Step 3 - ask for findings first, fixes second
Do not start with "fix everything." Ask for review findings first:
Return findings only. Include file paths, line references, severity, and why the issue matters. If there are no issues, say that clearly and list residual risks.Then read the output. Some findings will be real. Some will be optional. Some will be taste. You choose what to apply.
This separation protects the codebase from automatic over-editing.
Step 4 - verify generated static pages
For static sites, build success is not enough. You need to test the output folder.
Run:
npm run build:production
npm run verify:launch
python3 -m http.server 4174 -d outThen check key paths:
curl -I http://localhost:4174/
curl -I http://localhost:4174/tools/chatgpt-export-pdf/
curl -I http://localhost:4174/sitemap.xml
curl -I http://localhost:4174/ads.txtFor visual changes, also inspect the page in a browser. Automated tests do not know whether a hero title overlaps the navigation.
Step 5 - ask for a regression pass
After fixes, run a second prompt:
Re-review only the changed files since the last pass. Check whether the fix introduced a new bug. Do not repeat resolved findings.This is where AI review becomes useful. The first pass catches obvious problems. The second pass catches side effects.
Step 6 - keep a merge note
Write a short merge note:
Changed:
- Applied editorial theme to homepage and article pages.
- Kept existing MDX content and AdSense slots.
- Fixed nested html/body layout issue.
Verified:
- npm run lint
- npm run validate:content
- npm run build:production
- npm run verify:launch
- Static HTTP smoke test for / and /tools/chatgpt-export-pdf/This note helps future you understand why the change was safe.
A practical review script
For small teams, the best review prompt is one you can reuse. Save this as a snippet:
You are reviewing this change before merge.
Context:
- This is a production website.
- Keep findings focused on bugs, regressions, missing tests, accessibility, routing, deployment, and content quality.
- Do not suggest broad refactors unless the current change makes them necessary.
Process:
1. Inspect git status and git diff.
2. Identify the intended behavior.
3. Compare changed files against that intent.
4. Run the project's verification commands.
5. Return findings ordered by severity.
Output format:
- Findings first.
- Then residual risks.
- Then verification commands run.This gives Codex a repeatable role. It also makes the review easier to compare across branches. If every review starts from the same checklist, differences in output are more likely to reflect the code, not the prompt.

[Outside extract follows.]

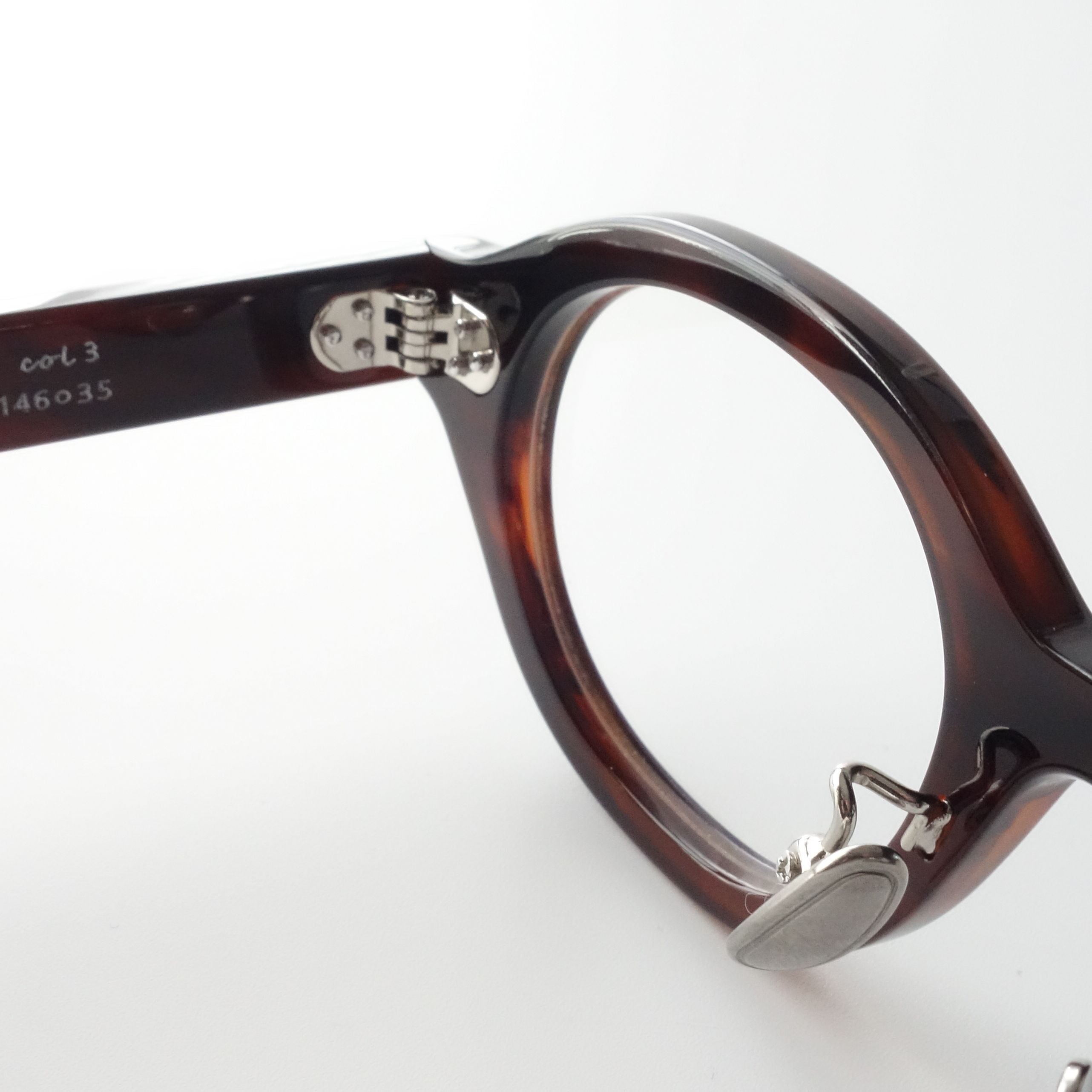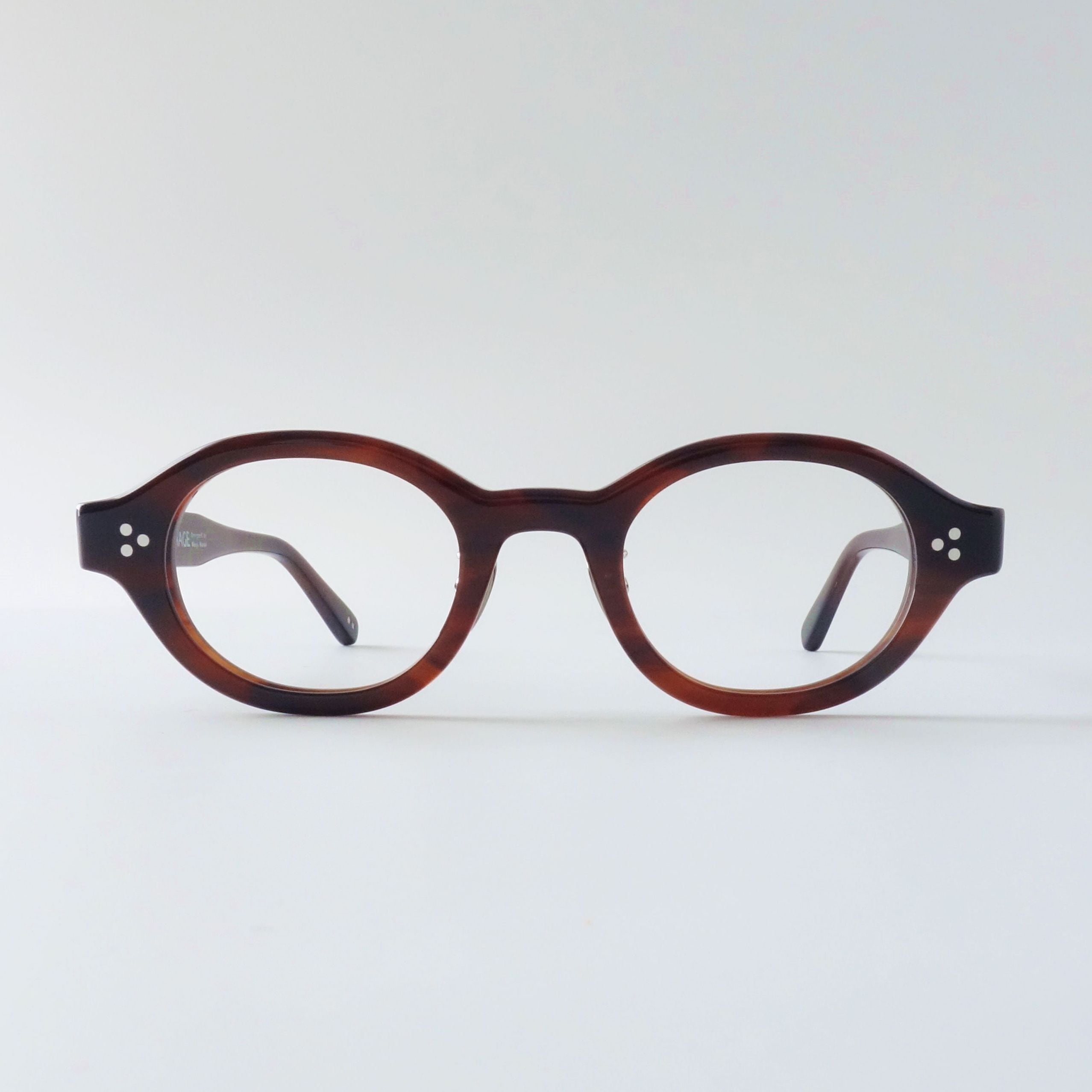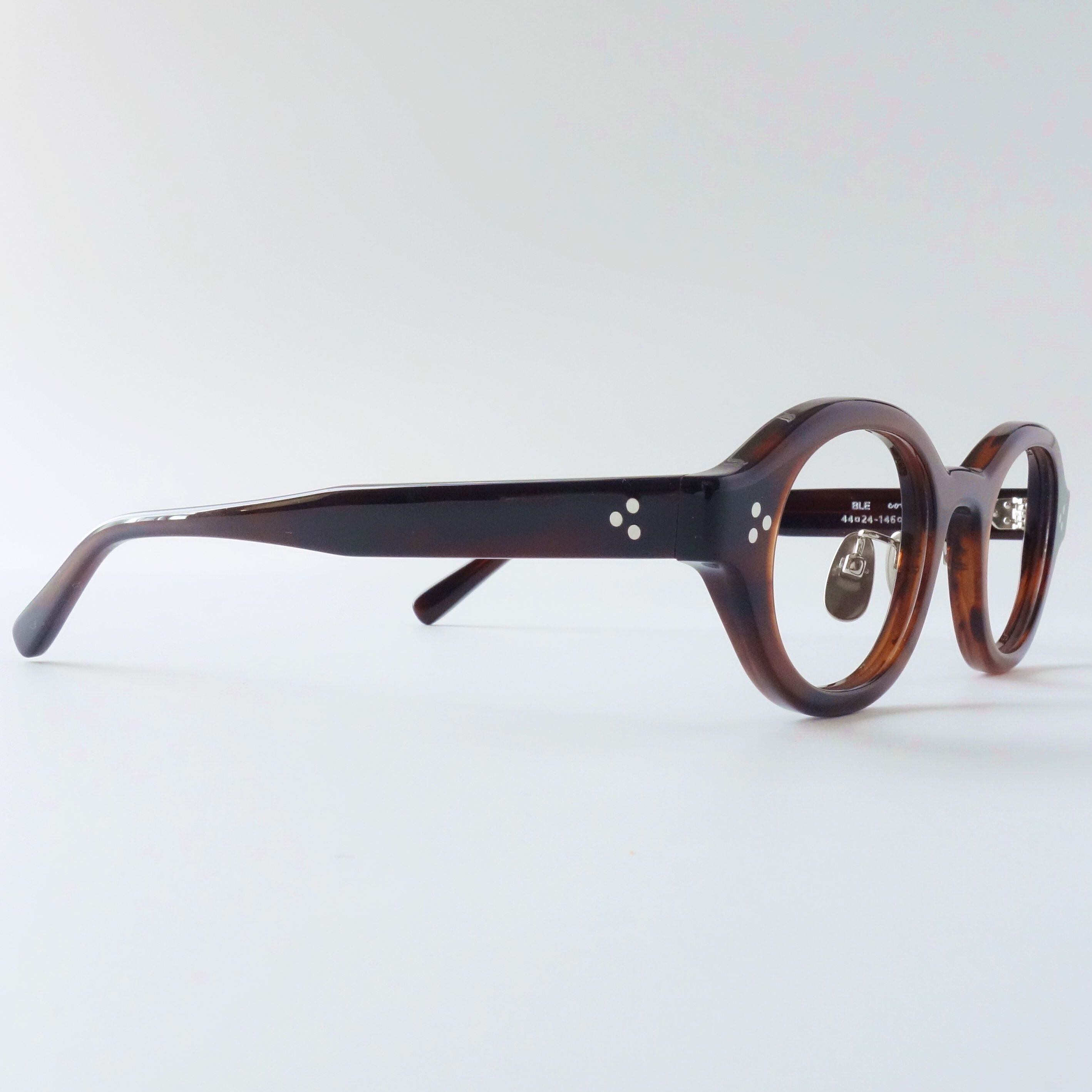 BLE(ブル)はBLEは卵の丸みをヒントにデザインしております。柔らかい曲線で構成された形状は、日本人の目元や骨格と相性が良く、やや大きめのサイズ感でボリュームを持たせることでポップな印象に仕上げました。PADMA IMAGEの初期モデルMARBLE(2014)をベースに今の時代に合わせてリデザインしております。他のジオメトリー(幾何学)コレクション同様に3ピン鋲の7枚丁番にチタンパットが程よく重厚なイメージ。テンプルエンドにはブランドのコンセプトである「幾何学と非対称」を象徴する●■が刻印されています。
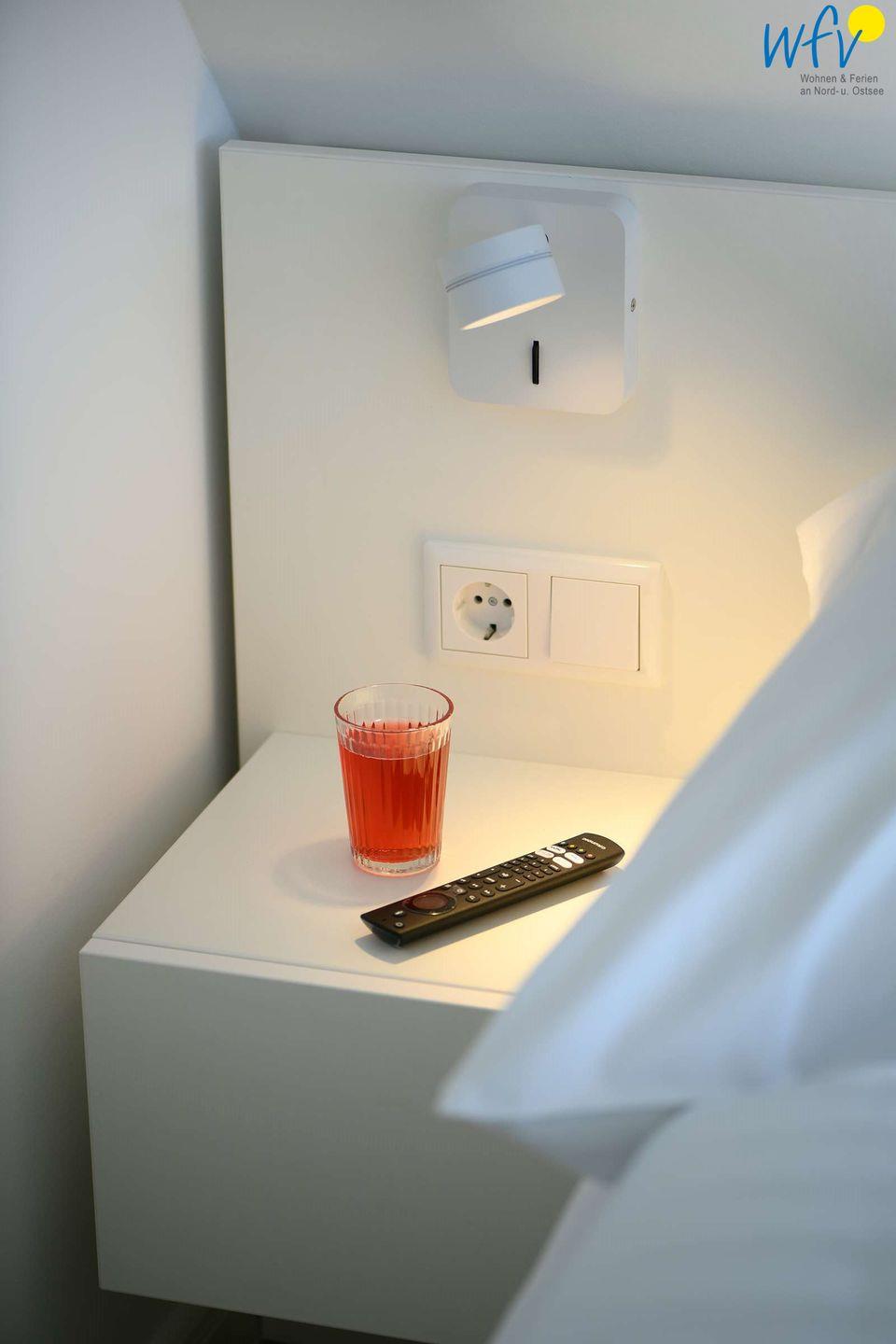Ein kleiner praktischer Abstellraum bietet Platz für Ihre Koffer, Staubsauger und den Wäscheständer. Die Urlaubsgarderobe kann in den Ausziehfächern der Betten verstaut werden. Durch herrlich große Fenster und dem damit verbundenen Lichteinfall besitzt die Galerie eine besonders schöne Atmosphäre. Vom Doppelbett aus können Sie den Alten Leuchtturm sehen.

What a useful finding looks like
A useful finding is specific:
P1: src/app/[locale]/layout.tsx renders html/body inside the locale layout.
Why it matters: the root layout already renders html/body, so the static export contains nested document tags. Browsers recover, but the HTML is invalid and can cause hydration or styling bugs.
Suggested fix: move body classes to the root layout and make the locale layout return only providers and scripts.That finding is better than "layout structure seems odd" because it names the file, explains the failure mode, and gives a minimal fix.
What Codex should not decide
Do not outsource these decisions:
- Whether a visual direction matches the brand
- Whether an article is legally safe
- Whether a privacy-sensitive dataset can be uploaded
- Whether a generated suggestion should be merged without reading it
Use the tool for attention and coverage. Keep judgment with the team.
FAQ
Should Codex replace human review?
No. Use it as a fast second reviewer that catches omissions before a human spends attention.
What should I give Codex first?
Start with the goal, the diff, and the verification commands. Without those, it will review too broadly.
Can I ask it to fix issues directly?
Yes, but separate review from implementation. First ask for findings, then choose which ones to apply.
What if it suggests unrelated refactors?
Reject them. A pre-merge review should focus on regressions, missing tests, and launch blockers.
How many passes are enough?
For small changes, one focused review and one verification pass are enough. Larger changes deserve one pass per area.